Paris wakes up slowly, painfully, as the cigarettes light up and the street cleaners sweep the Champs Elysees where I jog towards les Jardin Tuileries (photo of ND from my mobile). 


Like any large city, Paris is a late start and the 8th arrt. recovers from July's night boulevards, which today stink of rubbish made sticky by summer heat. Much of the Champs gated for Le Tour de France which will be here inside two weeks while grandstands to welcome the heros. There are gendarmes everywhere and I nod at those in front of the US Embassy on the Place de la Concorde - somehow, they always know the tourists. Or is it too obvious? 

Yes, the ever visibile flics lend a sense of calm and orderliness as well as thuggish gestapo: always male and roughly late-20s or 30ish, I sense they would use their baton sans probleme to crack someone's head open. A "gendarme" BTW was a heavy cavalryman of noble birth, primarily serving the the French army from Europe's Late Medieval to the Early Modern periods. Their heyday was in the late fifteenth to mid sixteenth centuries, when they provided the Kings of France with a potent regular force of heavy-armoured, lance-armed cavalry which, when properly employed, dominated the battlefield. So these dudes know they are bad asses.

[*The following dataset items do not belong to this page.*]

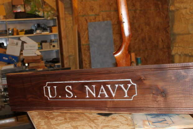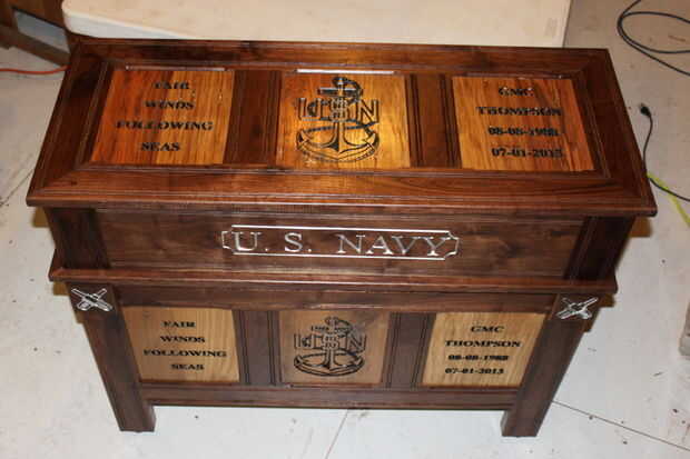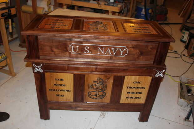 Después de que el diseño fue finalizado, mi amigo quería utilizar materiales que tenían significado para él, vivió en una casa que fue construida en la década de 1920 temprano y había recientemente remodelado una porción de la casa y tenía algunos Nogales y álamos que fue rescatado de la remodelación. (la madera oscura es nogal y la madera más ligera es cottonwood molido localmente en la década de 1920). El grabado fue encaminar en un ranurador del cnc de escritorio y las letras fue pintada plata en nogal y negro en el álamo. El trabajo del marco es enclavijado para la fuerza. Los paneles flotan en una ranura (slot) en los marcos. Las tapas se abisagran en las bisagras de madera con un eje de varilla de acero.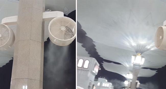 ഹറമിലെ ചുട്ടുപൊള്ളുന്ന വെയിലിലും ഇനി ആശ്വാസിക്കാം; ചൂട് കുറയ്ക്കാൻ വാട്ടര്സ്പ്രേ ഫാനുകൾ സജ്ജമായി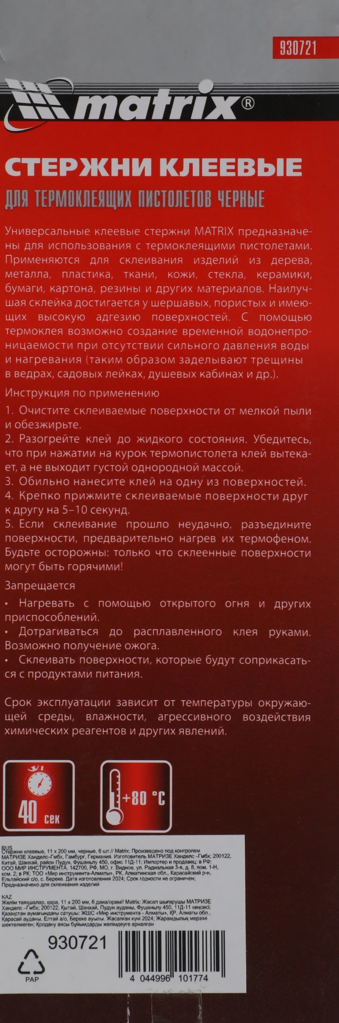 Клеевые стержни для клеевого пистолета Matrix 930721

I am off to several museums then back to London.

Monday, July 6

On Bees And Health Care


Well, we know Madeleine not a morning person and her mood not really made better by me standing above her and taking pictures. I only snap this one, for the record.

Today I am on the Eurostar to Paris for meetings and to see friends. Same difference. I wonder why travellers talk on the phone when there is the privacy of email or SMS via smart-phone or Blackberry?Take the women in the row behind me who discusses her love affairs, which would otherwise be irritating accept that they are kind of "R" rated. Young people just don't seem to mind who's doing what and where and who knows about it. To distract myself, I read about Cyprian honeybees, who defend themselves from hornets with a mass defence that relies on heat and carbon dioxide. Seriously. When Oriental hornets (giant wasps with a powerful sting) attack, the Cyprians mob them in a huge ball that targets the breathing apparatus in the hornet's abdomen. The hornets cannot breathe without expanding their abdomens and with sheer numbers, the bees strangle the hornets to death. And check this out: Asian honeybees defend themslves against the local hornet, Vespav velutina, by 'heat balling' where a giant ball of bees piles on the hornet, weighting it down while vibrating their wing muscles furiously. The frenetic activity greatly increases the temperature inside the ball to about 46C - hot enough to cook the hornet alive. Anyway this about half as good as what I am hearing from behind me but I can't that here.